(Stored entries)
* * * * *
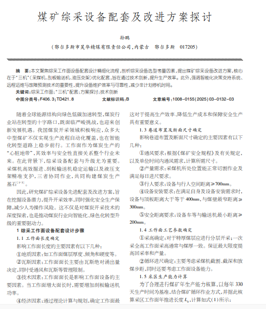 本文聚焦综采工作面设备配套设计精细化流程,剖析综采设备选型考量因素。
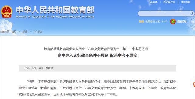 針對取消中考的消息,教育部2017年也曾在其官方網站上辟謠,稱高中納入義務教育條件不具備,取消中考不屬實。
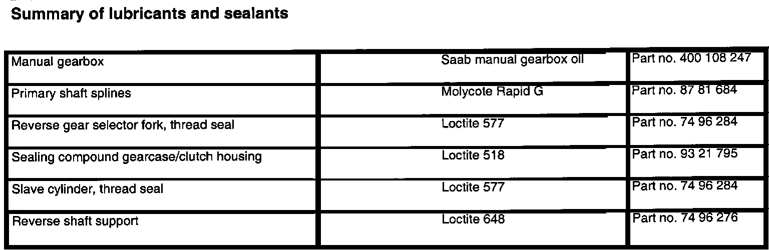 FM 55/57 5-spd M/T Gearbox Lubricant/Sealants:
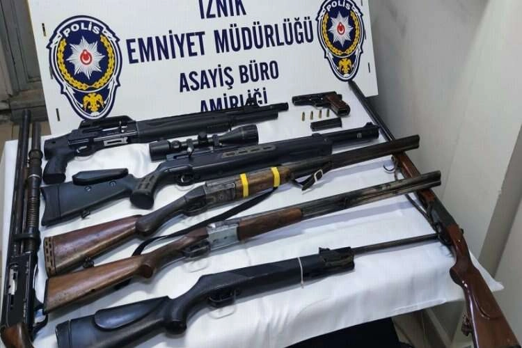 Bursa’da İznik İlçe Emniyet Müdürlüğü ekipleri, E.T. ve K.C.’ye ait iki ayrı adrese operasyon yaptı. Yapılan aramalarda, ruhsatsız 7 adet av tüfeği, 1 adet ruhsatsız 9 minimetre tabanca, 1 adet Bursa il merkezinden çalıntı motosiklet ve 1 adet şase-motor numaraları kazılı motosiklet ele geçirildi. İki şüpheli hakkında soruşturma başlatıldı.
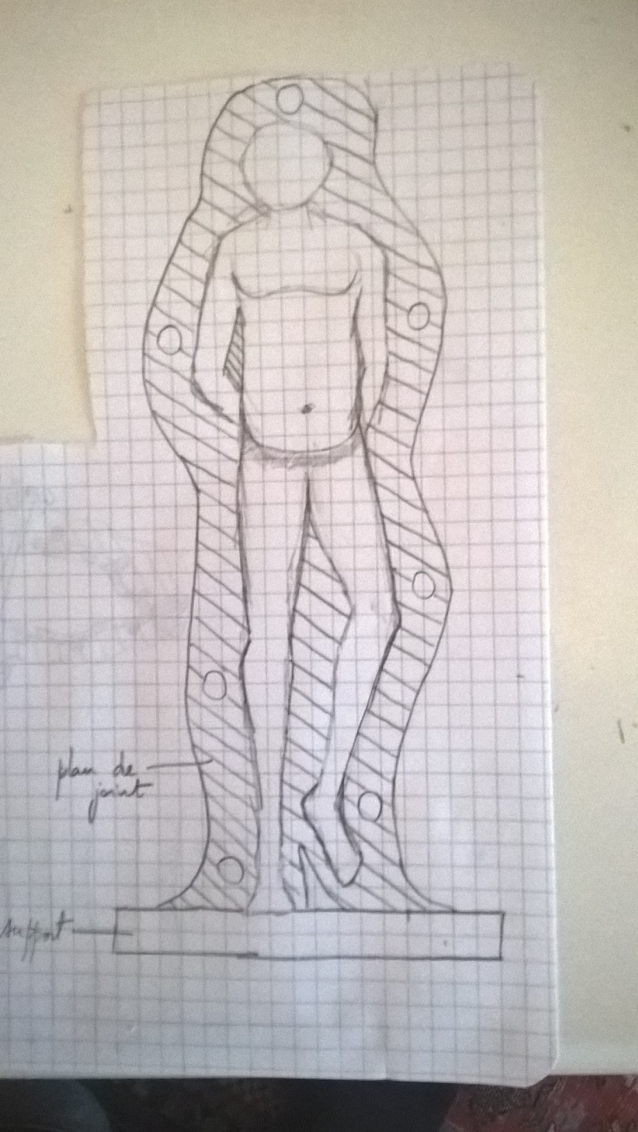 Le plan de joint ne se trouvera pas que sur un plan (en terme de géométrie dans l'espace) puisque les jambes ne se trouvent pas sur le même plan, les bras et le buste non plus. Mais je pense que ce n'est pas grave.
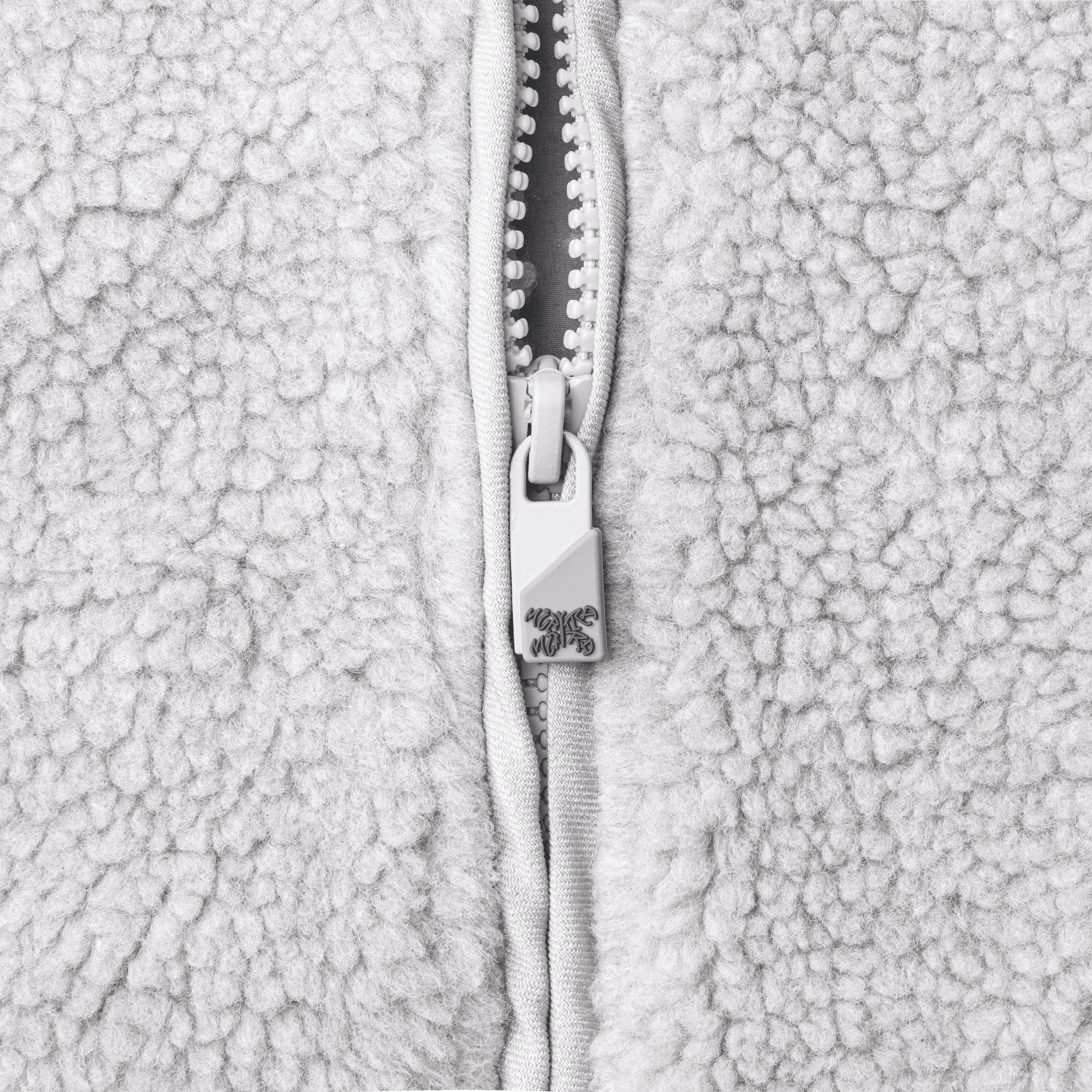 - 500gsm Sherpa fleece outer- 100% polyester lining- boxy fit- 2 tone fleece panelling- 3D piping- dyed leather patches on shoulder & back- raglan cut- lining zip pocket
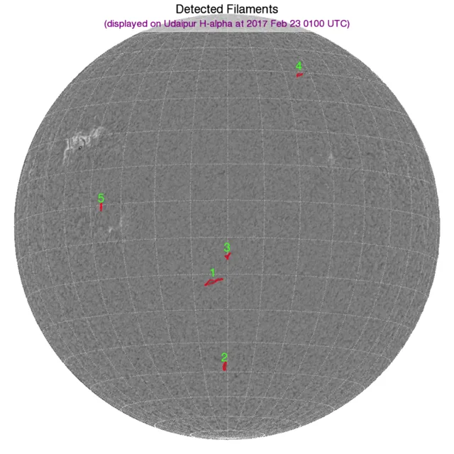 ※フィラメント:北半球に小さなものが2つ、南半球正面付近に小さなフィラメントが数個浮いています。
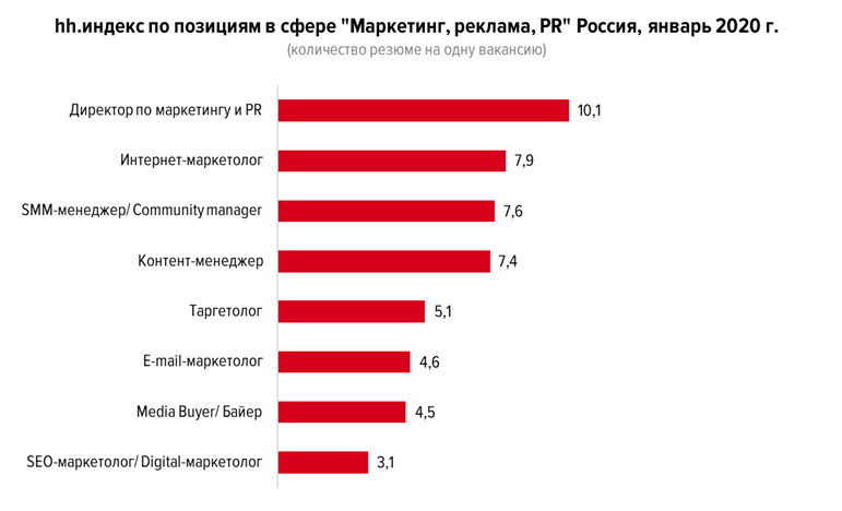 Учитывая высокий уровень заработных плат в сфере digital-маркетинга, конкуренция в этой профессиональной области увеличивается вместе с ростом спроса на специалистов. Нормой на рынке труда считается показатель, при котором на одно предложение о работе приходится 5–6 активных резюме.
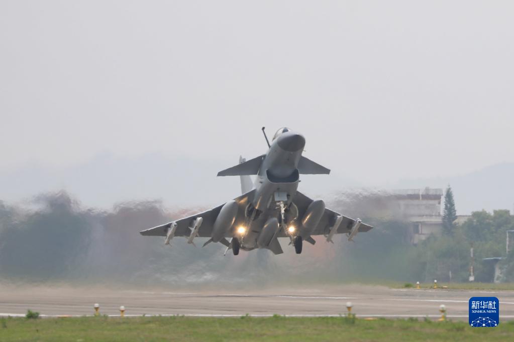 這是殲擊機掛彈起飛(4月8日攝)。新華社發(王紫簫 攝)
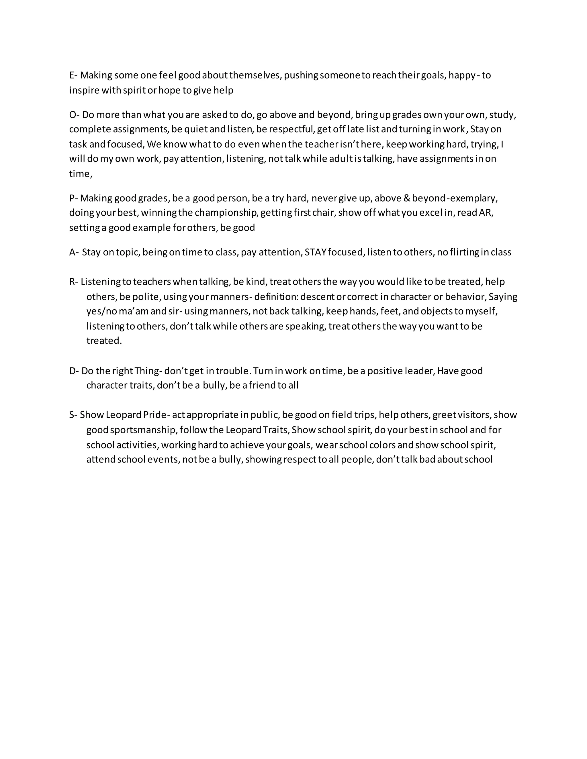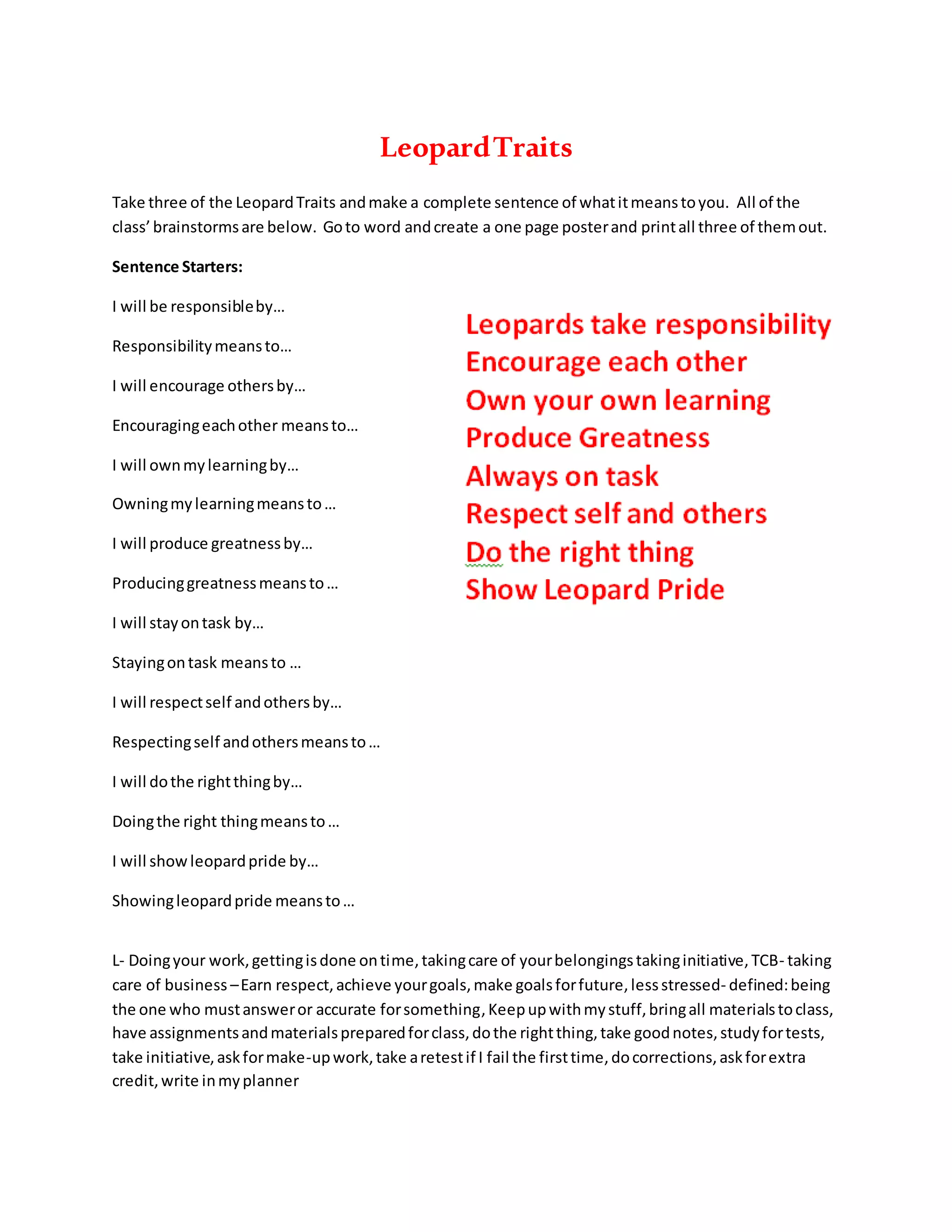 The document lists traits of leopards and sentences starters for students to complete to describe how they will demonstrate the traits. It includes the leopard traits of being responsible, encouraging others, owning one's learning, producing greatness, staying on task, respecting oneself and others, and doing the right thing. Students are instructed to choose three traits and complete a sentence for each to create a one page poster.
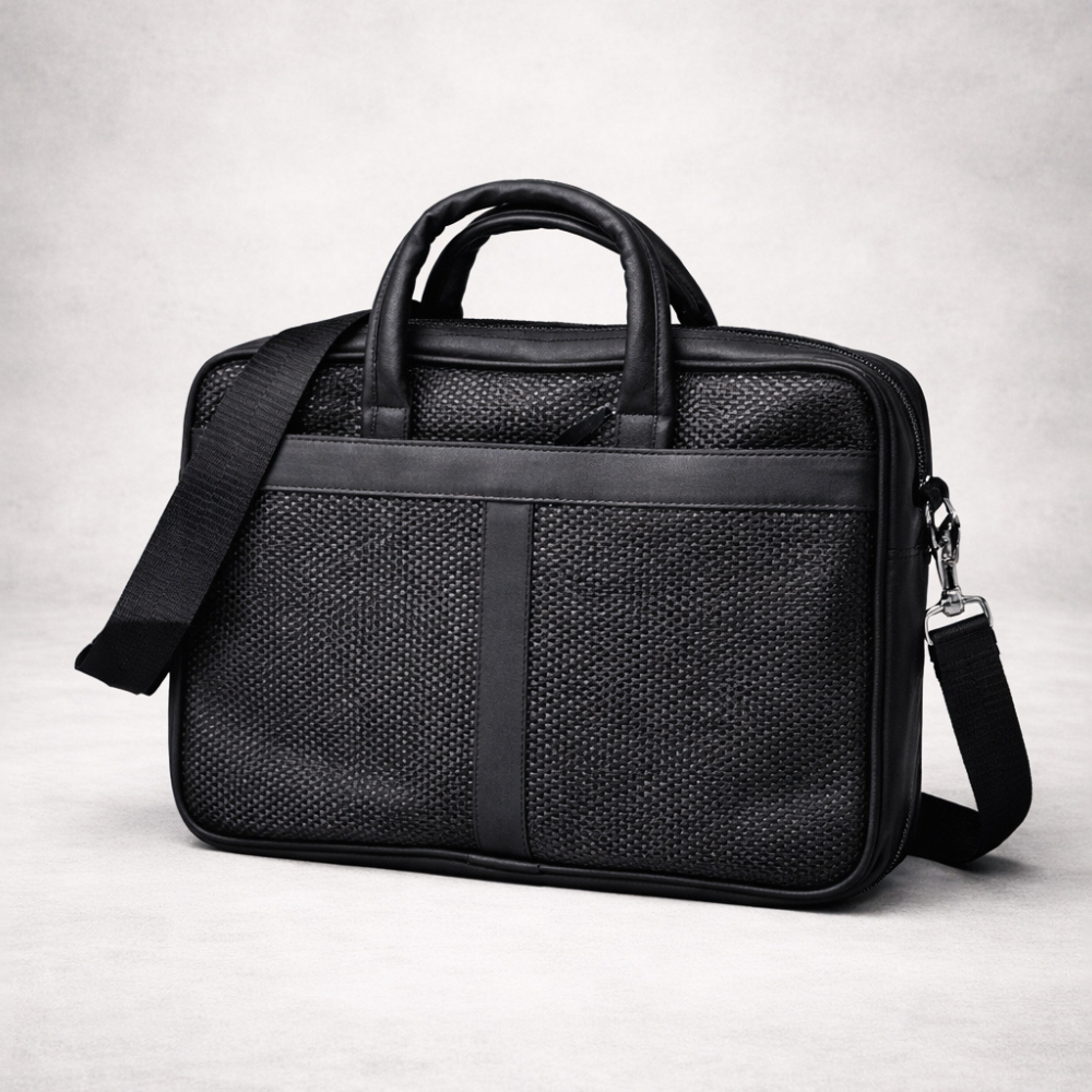 A premium black leather laptop bag designed for professionals. Combines durability, style, and
* * * * *
Write out exactly the lines beginning with the line that holds "The document lists" and ending with the final line of the data, both ends included, without the pictures.

 The document lists traits of leopards and sentences starters for students to complete to describe how they will demonstrate the traits. It includes the leopard traits of being responsible, encouraging others, owning one's learning, producing greatness, staying on task, respecting oneself and others, and doing the right thing. Students are instructed to choose three traits and complete a sentence for each to create a one page poster.
 A premium black leather laptop bag designed for professionals. Combines durability, style, and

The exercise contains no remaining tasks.